Evaluation of phylogenetic footprint discovery for predicting bacterial cis-regulatory elements and revealing their evolution
Laboratoire de Bioinformatique des Génomes et des Réseaux, Université Libre de Bruxelles (ULB), Campus Plaine, CP 263, Boulevard du Triomphe, 1050 Bruxelles, Belgium
BMC Bioinformatics 2008, 9:37 doi:10.1186/1471-2105-9-37Published: 23 January 2008
The detection of conserved motifs in promoters of orthologous genes (phylogenetic footprints) has become a common strategy to predict cis-acting regulatory elements. Several software tools are routinely used to raise hypotheses about regulation. However, these tools are generally used as black boxes, with default parameters. A systematic evaluation of optimal parameters for a footprint discovery strategy can bring a sizeable improvement to the predictions.

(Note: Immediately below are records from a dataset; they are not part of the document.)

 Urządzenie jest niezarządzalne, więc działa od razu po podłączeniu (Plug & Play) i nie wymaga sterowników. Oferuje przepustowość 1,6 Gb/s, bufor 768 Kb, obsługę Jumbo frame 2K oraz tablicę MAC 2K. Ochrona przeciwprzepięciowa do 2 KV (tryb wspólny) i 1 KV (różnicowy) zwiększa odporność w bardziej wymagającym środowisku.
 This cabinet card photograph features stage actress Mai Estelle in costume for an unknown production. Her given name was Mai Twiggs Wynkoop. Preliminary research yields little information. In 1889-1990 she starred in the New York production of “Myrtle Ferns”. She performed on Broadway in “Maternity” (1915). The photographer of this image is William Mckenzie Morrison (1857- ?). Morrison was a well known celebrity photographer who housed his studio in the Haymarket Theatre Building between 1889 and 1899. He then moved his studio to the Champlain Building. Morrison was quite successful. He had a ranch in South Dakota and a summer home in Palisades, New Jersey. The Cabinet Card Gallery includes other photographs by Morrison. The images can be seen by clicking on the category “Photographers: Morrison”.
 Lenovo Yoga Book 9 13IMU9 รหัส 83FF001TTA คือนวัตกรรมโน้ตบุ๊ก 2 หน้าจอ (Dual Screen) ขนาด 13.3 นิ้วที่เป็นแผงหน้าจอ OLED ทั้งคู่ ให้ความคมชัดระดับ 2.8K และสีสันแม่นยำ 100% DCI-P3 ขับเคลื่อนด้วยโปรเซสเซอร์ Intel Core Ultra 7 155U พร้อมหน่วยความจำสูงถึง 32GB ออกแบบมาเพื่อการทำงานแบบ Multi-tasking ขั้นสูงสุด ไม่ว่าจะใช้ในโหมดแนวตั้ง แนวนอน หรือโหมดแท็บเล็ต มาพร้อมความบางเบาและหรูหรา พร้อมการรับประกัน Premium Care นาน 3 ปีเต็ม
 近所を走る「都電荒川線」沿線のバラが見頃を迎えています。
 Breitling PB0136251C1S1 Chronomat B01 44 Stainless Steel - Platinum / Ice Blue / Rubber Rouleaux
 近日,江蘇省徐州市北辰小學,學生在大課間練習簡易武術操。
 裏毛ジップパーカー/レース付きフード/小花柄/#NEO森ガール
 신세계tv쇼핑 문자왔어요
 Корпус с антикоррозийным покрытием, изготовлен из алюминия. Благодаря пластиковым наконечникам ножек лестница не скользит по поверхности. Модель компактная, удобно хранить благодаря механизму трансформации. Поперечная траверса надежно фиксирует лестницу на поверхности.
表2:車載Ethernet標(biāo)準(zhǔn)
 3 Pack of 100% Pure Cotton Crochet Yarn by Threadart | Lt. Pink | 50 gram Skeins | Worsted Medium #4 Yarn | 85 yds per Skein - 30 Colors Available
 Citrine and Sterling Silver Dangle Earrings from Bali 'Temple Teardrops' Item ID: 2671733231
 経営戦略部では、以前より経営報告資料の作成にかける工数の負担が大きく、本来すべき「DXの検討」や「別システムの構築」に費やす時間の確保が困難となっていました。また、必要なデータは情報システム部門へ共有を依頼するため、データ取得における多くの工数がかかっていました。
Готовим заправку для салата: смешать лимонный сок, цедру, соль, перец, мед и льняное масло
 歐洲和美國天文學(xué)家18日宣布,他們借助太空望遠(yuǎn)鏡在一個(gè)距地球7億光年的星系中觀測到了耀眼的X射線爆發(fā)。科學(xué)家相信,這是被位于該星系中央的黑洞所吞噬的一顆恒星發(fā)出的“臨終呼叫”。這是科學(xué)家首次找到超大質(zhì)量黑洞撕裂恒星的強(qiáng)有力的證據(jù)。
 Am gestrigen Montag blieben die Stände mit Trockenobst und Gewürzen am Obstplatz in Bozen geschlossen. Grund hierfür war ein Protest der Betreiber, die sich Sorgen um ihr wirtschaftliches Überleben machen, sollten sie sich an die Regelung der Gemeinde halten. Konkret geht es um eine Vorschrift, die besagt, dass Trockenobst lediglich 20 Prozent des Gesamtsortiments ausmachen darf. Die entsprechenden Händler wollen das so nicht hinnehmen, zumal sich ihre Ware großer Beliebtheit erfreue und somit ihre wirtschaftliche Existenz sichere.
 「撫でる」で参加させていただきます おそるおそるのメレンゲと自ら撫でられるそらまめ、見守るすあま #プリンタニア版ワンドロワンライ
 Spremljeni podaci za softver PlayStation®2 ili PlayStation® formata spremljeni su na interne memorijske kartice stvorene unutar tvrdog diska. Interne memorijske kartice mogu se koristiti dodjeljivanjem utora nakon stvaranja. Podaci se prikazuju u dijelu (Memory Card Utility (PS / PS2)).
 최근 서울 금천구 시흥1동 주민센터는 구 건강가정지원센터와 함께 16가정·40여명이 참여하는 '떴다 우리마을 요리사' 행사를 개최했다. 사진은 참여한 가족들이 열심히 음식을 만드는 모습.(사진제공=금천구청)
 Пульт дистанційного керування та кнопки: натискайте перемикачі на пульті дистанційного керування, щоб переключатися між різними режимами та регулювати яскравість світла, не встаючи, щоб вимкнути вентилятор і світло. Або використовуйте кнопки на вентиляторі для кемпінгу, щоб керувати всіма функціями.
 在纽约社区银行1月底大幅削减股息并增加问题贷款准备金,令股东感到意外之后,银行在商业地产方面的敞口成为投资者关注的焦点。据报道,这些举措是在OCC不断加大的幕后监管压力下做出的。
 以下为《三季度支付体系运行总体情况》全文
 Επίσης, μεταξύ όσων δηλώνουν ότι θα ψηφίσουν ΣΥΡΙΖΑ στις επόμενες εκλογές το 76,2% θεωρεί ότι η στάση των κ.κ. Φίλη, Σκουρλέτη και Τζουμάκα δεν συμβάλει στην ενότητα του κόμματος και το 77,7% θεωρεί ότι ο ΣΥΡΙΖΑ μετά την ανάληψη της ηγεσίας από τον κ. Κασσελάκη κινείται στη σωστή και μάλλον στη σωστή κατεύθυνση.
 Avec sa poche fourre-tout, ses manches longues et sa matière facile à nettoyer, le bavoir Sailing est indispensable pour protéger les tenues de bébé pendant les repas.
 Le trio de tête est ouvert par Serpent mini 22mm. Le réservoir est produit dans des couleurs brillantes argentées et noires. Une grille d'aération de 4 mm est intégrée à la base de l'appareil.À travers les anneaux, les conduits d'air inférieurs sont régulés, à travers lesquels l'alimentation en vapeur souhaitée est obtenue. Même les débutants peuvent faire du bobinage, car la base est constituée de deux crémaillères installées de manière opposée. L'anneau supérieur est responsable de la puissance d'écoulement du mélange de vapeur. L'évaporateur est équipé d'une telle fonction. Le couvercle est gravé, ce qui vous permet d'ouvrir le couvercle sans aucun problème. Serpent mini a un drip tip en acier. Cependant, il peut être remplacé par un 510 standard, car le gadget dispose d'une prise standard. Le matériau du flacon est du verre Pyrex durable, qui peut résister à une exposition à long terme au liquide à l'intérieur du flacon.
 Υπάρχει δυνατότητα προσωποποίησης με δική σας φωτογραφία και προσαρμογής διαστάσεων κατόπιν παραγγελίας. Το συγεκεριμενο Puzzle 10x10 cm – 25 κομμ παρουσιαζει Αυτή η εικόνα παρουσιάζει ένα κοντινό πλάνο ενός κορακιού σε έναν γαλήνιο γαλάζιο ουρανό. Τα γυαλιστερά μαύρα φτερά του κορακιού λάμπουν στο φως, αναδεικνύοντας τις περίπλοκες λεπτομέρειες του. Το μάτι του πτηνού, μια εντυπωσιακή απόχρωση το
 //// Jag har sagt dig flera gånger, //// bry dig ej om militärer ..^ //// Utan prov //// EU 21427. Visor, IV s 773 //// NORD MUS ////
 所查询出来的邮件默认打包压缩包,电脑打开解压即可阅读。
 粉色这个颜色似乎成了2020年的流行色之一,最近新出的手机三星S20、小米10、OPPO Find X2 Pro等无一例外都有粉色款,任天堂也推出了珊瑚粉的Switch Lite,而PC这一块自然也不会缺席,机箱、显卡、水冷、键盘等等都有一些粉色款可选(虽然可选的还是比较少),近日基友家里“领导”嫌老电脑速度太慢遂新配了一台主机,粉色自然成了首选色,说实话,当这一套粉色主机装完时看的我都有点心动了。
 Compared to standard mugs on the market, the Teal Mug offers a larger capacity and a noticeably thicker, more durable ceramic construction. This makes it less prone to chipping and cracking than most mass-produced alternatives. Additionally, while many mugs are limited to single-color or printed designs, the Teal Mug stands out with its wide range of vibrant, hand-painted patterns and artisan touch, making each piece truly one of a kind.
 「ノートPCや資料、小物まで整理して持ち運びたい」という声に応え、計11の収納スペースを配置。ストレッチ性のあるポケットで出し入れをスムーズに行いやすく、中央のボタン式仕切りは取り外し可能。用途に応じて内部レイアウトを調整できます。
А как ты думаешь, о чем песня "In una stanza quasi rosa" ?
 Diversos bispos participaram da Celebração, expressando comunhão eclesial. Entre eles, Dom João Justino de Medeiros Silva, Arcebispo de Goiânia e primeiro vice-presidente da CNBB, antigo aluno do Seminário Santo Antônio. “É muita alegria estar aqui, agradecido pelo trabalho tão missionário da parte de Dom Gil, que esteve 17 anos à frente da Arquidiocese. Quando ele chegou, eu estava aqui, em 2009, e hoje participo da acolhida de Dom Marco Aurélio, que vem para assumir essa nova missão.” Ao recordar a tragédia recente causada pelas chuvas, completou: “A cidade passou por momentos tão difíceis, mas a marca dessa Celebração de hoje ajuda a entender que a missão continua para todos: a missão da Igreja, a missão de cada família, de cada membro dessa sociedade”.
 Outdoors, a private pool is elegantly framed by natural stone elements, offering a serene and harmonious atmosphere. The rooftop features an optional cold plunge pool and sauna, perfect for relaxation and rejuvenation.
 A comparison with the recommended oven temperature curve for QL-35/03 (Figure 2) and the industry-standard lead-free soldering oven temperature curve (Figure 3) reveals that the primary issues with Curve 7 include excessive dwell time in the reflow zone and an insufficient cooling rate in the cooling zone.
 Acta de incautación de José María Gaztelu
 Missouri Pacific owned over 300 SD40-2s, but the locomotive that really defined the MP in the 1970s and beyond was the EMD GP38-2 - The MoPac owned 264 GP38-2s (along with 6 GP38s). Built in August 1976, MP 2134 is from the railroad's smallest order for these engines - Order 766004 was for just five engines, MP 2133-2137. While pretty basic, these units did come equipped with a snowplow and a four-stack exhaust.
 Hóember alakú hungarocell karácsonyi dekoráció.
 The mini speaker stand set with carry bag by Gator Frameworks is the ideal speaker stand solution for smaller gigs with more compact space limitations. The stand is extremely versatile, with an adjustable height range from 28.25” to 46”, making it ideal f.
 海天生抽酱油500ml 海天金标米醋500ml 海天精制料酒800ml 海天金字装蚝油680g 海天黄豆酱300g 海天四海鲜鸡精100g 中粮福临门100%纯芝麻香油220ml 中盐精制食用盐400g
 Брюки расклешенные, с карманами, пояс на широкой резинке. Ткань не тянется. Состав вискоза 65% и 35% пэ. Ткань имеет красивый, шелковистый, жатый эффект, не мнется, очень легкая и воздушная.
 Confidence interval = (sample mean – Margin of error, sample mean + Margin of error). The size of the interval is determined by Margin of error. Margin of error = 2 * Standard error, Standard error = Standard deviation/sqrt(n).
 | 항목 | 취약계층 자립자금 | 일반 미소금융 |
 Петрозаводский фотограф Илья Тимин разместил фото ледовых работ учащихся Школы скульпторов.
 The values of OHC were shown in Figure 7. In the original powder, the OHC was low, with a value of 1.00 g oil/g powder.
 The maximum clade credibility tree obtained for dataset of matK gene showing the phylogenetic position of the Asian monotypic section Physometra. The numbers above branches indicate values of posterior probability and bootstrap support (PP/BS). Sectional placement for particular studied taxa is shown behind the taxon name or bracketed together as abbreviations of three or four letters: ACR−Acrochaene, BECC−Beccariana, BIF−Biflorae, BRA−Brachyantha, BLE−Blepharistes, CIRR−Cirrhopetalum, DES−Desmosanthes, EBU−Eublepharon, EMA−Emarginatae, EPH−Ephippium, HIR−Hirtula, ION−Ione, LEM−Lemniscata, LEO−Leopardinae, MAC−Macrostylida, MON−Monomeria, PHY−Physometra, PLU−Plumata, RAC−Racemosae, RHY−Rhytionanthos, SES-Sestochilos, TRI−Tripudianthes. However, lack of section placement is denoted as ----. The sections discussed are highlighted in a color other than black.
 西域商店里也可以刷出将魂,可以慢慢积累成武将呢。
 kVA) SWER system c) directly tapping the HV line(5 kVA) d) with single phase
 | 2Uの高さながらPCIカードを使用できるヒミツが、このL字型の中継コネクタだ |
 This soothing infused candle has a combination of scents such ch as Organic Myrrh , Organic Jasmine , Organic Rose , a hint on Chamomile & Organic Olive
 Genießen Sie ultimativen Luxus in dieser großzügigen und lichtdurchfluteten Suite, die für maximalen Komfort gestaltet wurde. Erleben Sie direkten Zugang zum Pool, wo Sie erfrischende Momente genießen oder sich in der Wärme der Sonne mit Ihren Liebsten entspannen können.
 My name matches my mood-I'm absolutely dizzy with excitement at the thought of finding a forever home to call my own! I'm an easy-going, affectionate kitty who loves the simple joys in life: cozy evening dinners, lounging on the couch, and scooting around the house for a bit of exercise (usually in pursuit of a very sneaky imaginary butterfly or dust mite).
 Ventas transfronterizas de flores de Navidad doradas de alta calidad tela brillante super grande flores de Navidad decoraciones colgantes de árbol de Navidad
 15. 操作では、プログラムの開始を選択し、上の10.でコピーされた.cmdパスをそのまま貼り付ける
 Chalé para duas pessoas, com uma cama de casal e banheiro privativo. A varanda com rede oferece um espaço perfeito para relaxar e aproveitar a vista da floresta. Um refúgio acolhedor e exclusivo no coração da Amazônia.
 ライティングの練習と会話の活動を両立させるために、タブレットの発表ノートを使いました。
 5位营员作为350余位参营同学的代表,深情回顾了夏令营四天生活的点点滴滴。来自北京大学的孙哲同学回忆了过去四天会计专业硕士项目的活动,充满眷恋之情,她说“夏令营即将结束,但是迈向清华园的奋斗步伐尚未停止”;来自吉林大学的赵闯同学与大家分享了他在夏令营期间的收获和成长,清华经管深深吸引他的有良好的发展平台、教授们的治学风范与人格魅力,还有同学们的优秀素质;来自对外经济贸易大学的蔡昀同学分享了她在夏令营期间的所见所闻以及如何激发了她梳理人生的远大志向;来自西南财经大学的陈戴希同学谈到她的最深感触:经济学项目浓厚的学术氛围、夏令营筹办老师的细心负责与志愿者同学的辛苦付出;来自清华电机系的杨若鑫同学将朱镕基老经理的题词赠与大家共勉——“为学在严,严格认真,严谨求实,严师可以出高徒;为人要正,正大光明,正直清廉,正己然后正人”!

We evaluate the performances of a footprint discovery approach based on the detection of over-represented spaced motifs. This method is particularly suitable for (but not restricted to) Bacteria, since such motifs are typically bound by factors containing a Helix-Turn-Helix domain. We evaluated footprint discovery in 368 Escherichia coli K12 genes with annotated sites, under 40 different combinations of parameters (taxonomical level, background model, organism-specific filtering, operon inference). Motifs are assessed both at the levels of correctness and significance. We further report a detailed analysis of 181 bacterial orthologs of the LexA repressor. Distinct motifs are detected at various taxonomical levels, including the 7 previously characterized taxon-specific motifs. In addition, we highlight a significantly stronger conservation of half-motifs in Actinobacteria, relative to Firmicutes, suggesting an intermediate state in specificity switching between the two Gram-positive phyla, and thereby revealing the on-going evolution of LexA auto-regulation.
The footprint discovery method proposed here shows excellent results with E. coli and can readily be extended to predict cis-acting regulatory signals and propose testable hypotheses in bacterial genomes for which nothing is known about regulation.